* [SUPPLIED MATERIAL]:
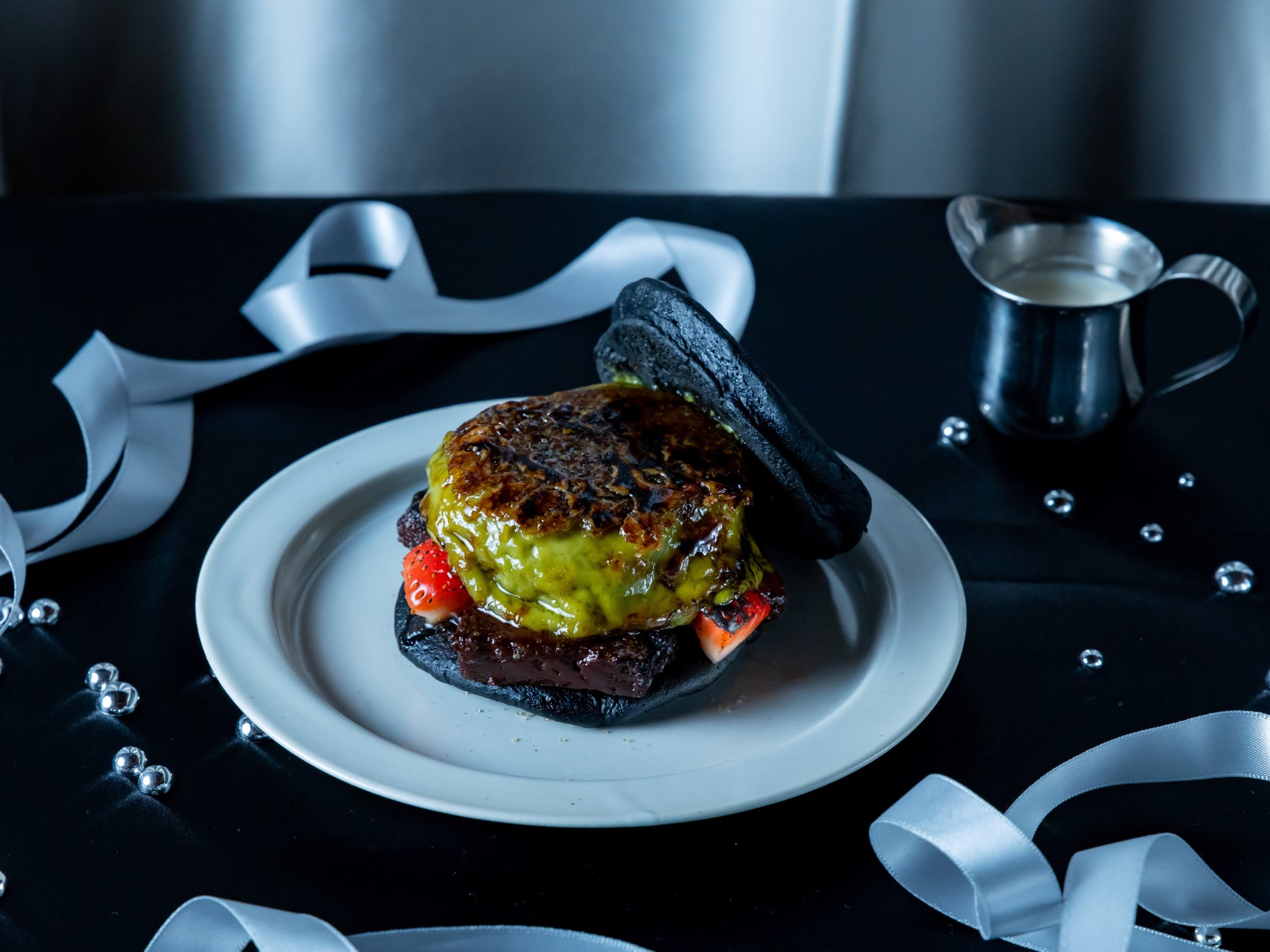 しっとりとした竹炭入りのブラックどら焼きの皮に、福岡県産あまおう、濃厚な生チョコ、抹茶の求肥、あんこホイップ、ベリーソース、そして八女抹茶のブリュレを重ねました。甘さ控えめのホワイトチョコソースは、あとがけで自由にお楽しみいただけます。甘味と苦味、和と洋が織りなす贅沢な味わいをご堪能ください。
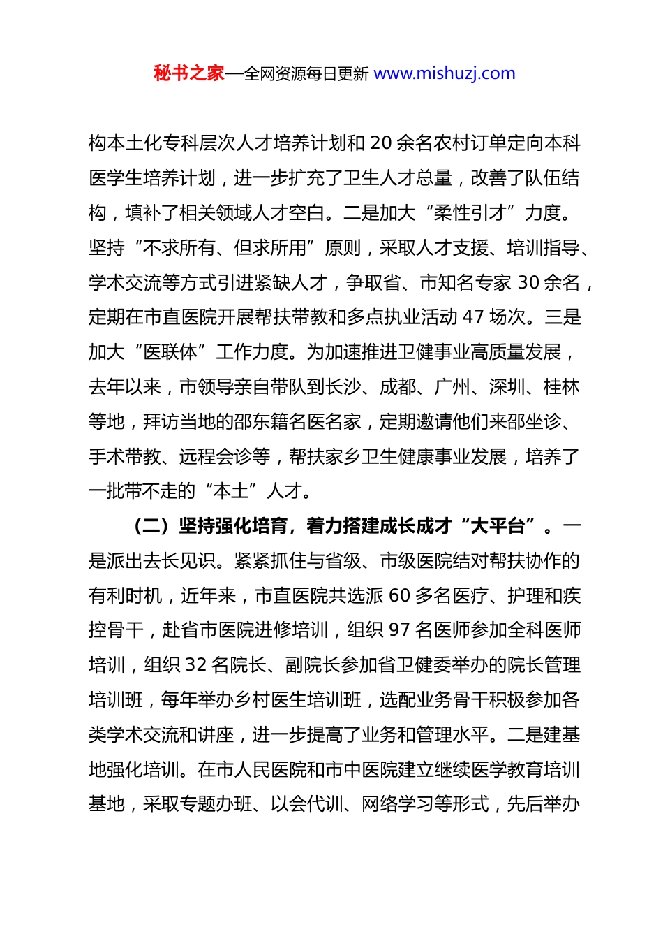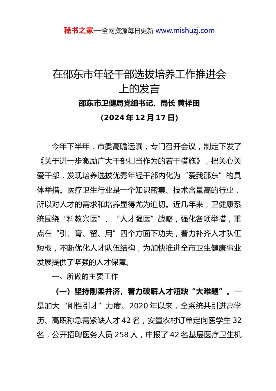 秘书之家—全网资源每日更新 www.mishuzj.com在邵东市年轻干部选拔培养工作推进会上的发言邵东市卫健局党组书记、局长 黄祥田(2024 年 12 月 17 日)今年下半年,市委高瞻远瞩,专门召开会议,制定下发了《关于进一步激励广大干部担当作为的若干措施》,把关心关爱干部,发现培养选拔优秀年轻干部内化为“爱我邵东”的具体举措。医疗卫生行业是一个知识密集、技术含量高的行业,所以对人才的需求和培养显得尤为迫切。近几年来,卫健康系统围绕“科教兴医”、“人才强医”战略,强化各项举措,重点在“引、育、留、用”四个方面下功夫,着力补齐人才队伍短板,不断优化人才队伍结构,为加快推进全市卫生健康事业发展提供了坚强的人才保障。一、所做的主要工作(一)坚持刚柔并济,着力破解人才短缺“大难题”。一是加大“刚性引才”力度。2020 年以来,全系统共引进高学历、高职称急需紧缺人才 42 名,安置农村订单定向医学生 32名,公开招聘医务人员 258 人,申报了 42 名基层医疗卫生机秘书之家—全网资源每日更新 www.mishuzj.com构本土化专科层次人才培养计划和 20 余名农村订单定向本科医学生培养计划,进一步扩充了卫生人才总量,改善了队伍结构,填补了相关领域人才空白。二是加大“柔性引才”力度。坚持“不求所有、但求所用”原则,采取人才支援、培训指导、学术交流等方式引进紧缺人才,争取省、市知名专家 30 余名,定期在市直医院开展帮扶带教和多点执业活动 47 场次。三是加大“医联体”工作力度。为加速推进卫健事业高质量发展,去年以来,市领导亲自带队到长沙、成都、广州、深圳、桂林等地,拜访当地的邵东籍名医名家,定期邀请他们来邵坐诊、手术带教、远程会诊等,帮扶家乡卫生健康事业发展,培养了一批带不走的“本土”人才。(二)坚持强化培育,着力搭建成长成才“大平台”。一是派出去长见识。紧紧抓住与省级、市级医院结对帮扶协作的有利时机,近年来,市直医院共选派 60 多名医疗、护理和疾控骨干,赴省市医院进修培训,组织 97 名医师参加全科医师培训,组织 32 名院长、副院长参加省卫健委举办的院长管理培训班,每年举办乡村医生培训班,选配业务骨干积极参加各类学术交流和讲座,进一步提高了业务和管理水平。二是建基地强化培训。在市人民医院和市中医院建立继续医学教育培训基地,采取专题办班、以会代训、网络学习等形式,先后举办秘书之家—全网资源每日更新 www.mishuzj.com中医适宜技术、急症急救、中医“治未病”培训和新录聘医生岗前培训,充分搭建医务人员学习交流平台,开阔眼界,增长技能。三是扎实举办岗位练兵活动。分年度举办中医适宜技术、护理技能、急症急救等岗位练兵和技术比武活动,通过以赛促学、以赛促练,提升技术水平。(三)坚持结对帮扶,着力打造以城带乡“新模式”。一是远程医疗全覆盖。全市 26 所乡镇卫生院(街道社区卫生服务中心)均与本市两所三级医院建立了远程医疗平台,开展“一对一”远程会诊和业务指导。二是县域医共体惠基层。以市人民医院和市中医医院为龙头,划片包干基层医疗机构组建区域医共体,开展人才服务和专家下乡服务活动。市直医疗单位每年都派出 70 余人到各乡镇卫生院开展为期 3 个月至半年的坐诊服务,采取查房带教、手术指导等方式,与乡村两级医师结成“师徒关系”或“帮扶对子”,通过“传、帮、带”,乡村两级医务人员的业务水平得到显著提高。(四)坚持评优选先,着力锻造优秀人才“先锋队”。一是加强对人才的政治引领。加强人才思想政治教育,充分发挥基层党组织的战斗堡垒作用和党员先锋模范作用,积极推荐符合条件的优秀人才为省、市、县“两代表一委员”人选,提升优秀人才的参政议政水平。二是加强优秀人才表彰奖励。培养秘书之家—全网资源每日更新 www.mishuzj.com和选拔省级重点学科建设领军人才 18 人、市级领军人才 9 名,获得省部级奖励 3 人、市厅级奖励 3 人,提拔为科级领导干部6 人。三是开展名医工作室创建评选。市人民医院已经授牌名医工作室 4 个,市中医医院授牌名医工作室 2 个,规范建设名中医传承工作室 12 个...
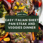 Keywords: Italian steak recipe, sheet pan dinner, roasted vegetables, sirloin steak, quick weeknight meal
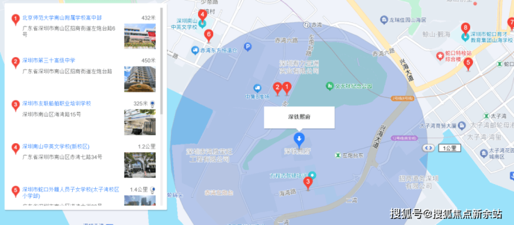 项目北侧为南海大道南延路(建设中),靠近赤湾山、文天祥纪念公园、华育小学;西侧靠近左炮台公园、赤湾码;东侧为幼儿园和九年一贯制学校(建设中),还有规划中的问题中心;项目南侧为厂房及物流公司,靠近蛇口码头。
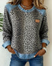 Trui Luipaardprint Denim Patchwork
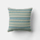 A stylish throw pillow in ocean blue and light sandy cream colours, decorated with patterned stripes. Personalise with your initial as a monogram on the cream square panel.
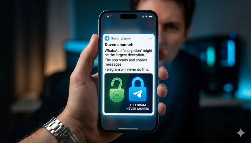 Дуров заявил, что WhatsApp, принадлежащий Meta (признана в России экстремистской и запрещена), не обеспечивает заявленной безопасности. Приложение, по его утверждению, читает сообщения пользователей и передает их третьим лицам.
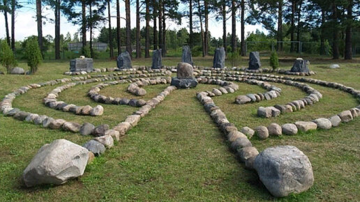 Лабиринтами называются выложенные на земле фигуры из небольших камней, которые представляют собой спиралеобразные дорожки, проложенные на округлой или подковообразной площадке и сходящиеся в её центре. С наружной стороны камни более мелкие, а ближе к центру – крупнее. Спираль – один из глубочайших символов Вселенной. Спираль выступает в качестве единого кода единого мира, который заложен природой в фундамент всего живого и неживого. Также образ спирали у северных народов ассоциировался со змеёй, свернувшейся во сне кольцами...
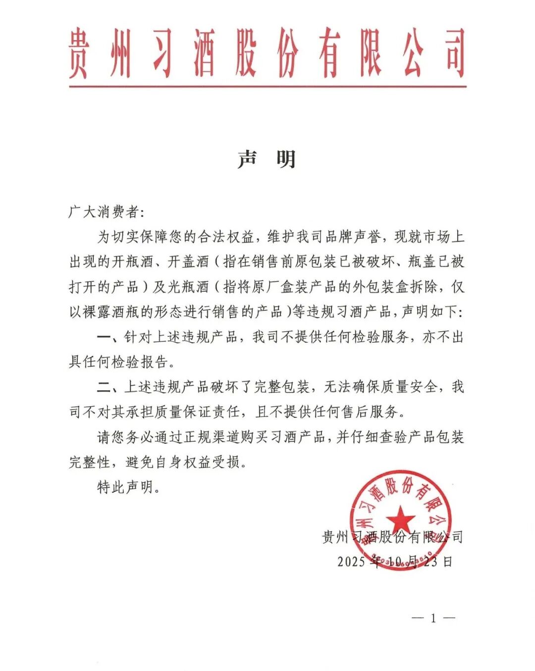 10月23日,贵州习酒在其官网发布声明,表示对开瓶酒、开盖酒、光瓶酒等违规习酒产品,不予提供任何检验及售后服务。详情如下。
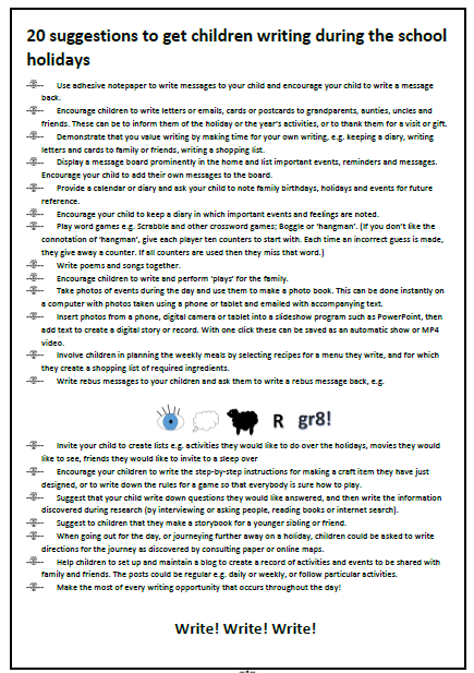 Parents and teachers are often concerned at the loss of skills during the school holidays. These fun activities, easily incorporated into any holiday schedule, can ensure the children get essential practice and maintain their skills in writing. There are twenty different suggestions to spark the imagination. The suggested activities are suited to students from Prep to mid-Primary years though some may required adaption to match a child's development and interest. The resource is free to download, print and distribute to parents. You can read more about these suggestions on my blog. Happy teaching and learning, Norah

* [ASSIGNED TASK]: With the pictures left out, copy exactly the lines above from the line containing "Лабиринтами называются выложенные" through the last line of the entries.

* [PROBLEM SOLUTION]:
 Лабиринтами называются выложенные на земле фигуры из небольших камней, которые представляют собой спиралеобразные дорожки, проложенные на округлой или подковообразной площадке и сходящиеся в её центре. С наружной стороны камни более мелкие, а ближе к центру – крупнее. Спираль – один из глубочайших символов Вселенной. Спираль выступает в качестве единого кода единого мира, который заложен природой в фундамент всего живого и неживого. Также образ спирали у северных народов ассоциировался со змеёй, свернувшейся во сне кольцами...
 10月23日,贵州习酒在其官网发布声明,表示对开瓶酒、开盖酒、光瓶酒等违规习酒产品,不予提供任何检验及售后服务。详情如下。
 Parents and teachers are often concerned at the loss of skills during the school holidays. These fun activities, easily incorporated into any holiday schedule, can ensure the children get essential practice and maintain their skills in writing. There are twenty different suggestions to spark the imagination. The suggested activities are suited to students from Prep to mid-Primary years though some may required adaption to match a child's development and interest. The resource is free to download, print and distribute to parents. You can read more about these suggestions on my blog. Happy teaching and learning, Norah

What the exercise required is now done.